Two by-elections in the Australian state of New South Wales (NSW) on October 25, and the circumstances surrounding them, provided a revealing glimpse into the rot and decay of official politics at every level of government.
The by-elections were held under extraordinary conditions. The two Liberal Party members of state parliament resigned their seats after being exposed in the NSW Independent Commission Against Corruption (ICAC) for taking money from property developers. They were just the latest casualties. Over the past nine months, 10 state Liberal MPs, including the previous premier, Barry O’Farrell, have been forced to quit the government or move to the cross-benches as a result of corruption allegations.
In a phony display of contrition, the Liberal Party did not stand candidates in the by-elections, leaving the field open to the opposition Labor Party and the Greens. With a full state election due next March, Labor was desperate for solid wins to reverse the impact of its shattering landslide defeat in 2011 when it was thrown out of office after 16 years in power. Its overall vote of just 25 percent in 2011 was the worst result since 1903.
The two seats—Newcastle and Charlestown—are both in the industrial city of Newcastle, 160 kilometres north of Sydney, and previously regarded as “safe Labor.” While Labor won the by-elections, the results hardly vindicated state opposition leader John Robertson’s claim that voters had “put their faith back in Labor.”
In Charlestown, Jodie Harrison, the Lake Macquarie mayor, received a primary vote of 49.3 percent, up by more than 20 percentage points from Labor’s 2011 low. In Newcastle, the Labor candidate lifted the primary vote by just 6 percentage points to 36.9 percent. Both had to rely on preferences, especially from the Greens, to win the seats. In the absence of Liberal candidates, the main beneficiaries were the Greens, who posture as an alternative to the two major parties, and various independents.

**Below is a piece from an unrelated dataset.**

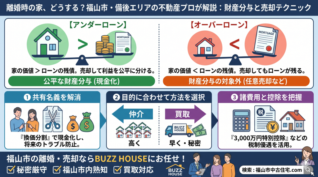 こんにちは!株式会社BUZZ HOUSE(バズハウス)のWebマーケティング担当、「Buzzブロくん」こと、福山市の不動産売買アドバイザーです! 売却事例において以外と多いのが離婚という人生の大きな転機。今後の生活や手続…

However, the alienation of broad layers of working people from the entire political establishment was registered in the low turnout. Despite voting being compulsory, almost 20,000 people did not cast a ballot, or one-in-five of those eligible in both electorates. Many of those who voted did so reluctantly, with no firm support for their choice.
The deep-seated hostility of voters to the establishment parties is not simply the outcome of the latest corruption scandals. There has been more than three decades of pro-market restructuring by Labor and Liberal governments alike, at the state and federal level.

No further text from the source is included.